On Thu, Oct 28, 2004 at 12:40:02PM +0100, Matthew Garrett wrote:
> That's an unfortunate circumstance of naming. Anything that we could
> potentially ship has to be considered as software - the aspects of
> hardware that we're discussing are instructions that are run by a
> processor, and we could extract those and copy them into the
> distribution. Software doesn't stop being software once it's copied into
> ROM, even if you'd prefer it to be called hardware.

It's also a circumstance of content, which is why the DFSG uses the word
software so many times, and why it concerns itself with software licenses.

Software which we don't and can't ship, which is a part of the platform
we're running on, which is not application code, and which basically is
outside the scope of the project is software we ignore.

> The social contract uses "require", which is a stronger term than
> policy's "depend".


> The driver software requires the portion of the
> hardware that can also be described as software.

The sentece which uses the word require is:

   We will never make the system require the use of a non-free component.

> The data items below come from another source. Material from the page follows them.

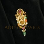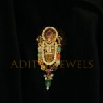 An elegant Pachi-style pendant crafted in 22K (916) gold, adorned with Navratan stones, pearls, and emerald beads. Finished with classic black detailing, this compact 2-inch pendant has a gross weight of 11.92 g and a net gold weight of 10.164 g, making it ideal for refined traditional and festive looks.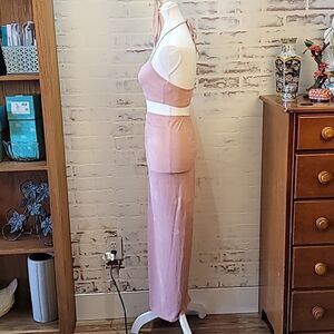 Beautiful halter to and slit skirt! Very soft in this pretty light rose color with gold accents! Barely worn condition... Yes, there is a little stretch...
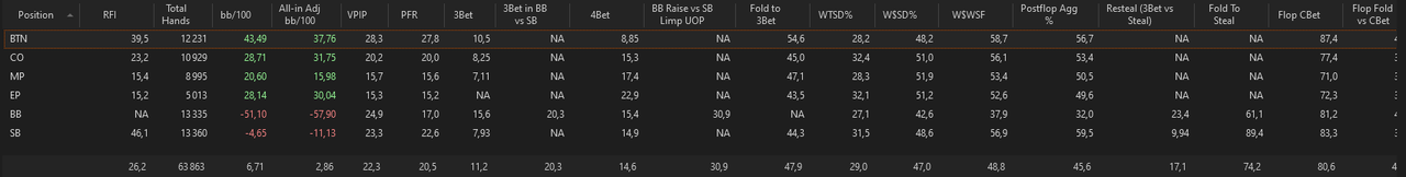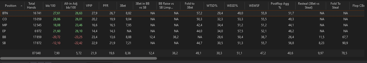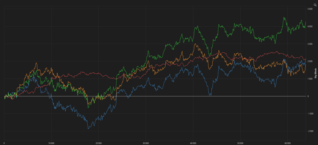 On run à 9,65bb/100 pour 9726 mains en All-In Adj. EV mais il manque quelques mains de Betclic. On doit être autour des 10bb/100.

While it's clear from context that "non-free" refers to "non-free
software", it's also clear that it's "components" which are what need to
be free.  It's also clear from contenxt that "components" are "components
of the debian system.

Among other things, you're arguing that hardware [including software
embedded in that hardware] is a component of the debian system (rather
than being a part of its infrastructure).

But we do not ship hardware, and software embedded in hardware is out
of scope for us.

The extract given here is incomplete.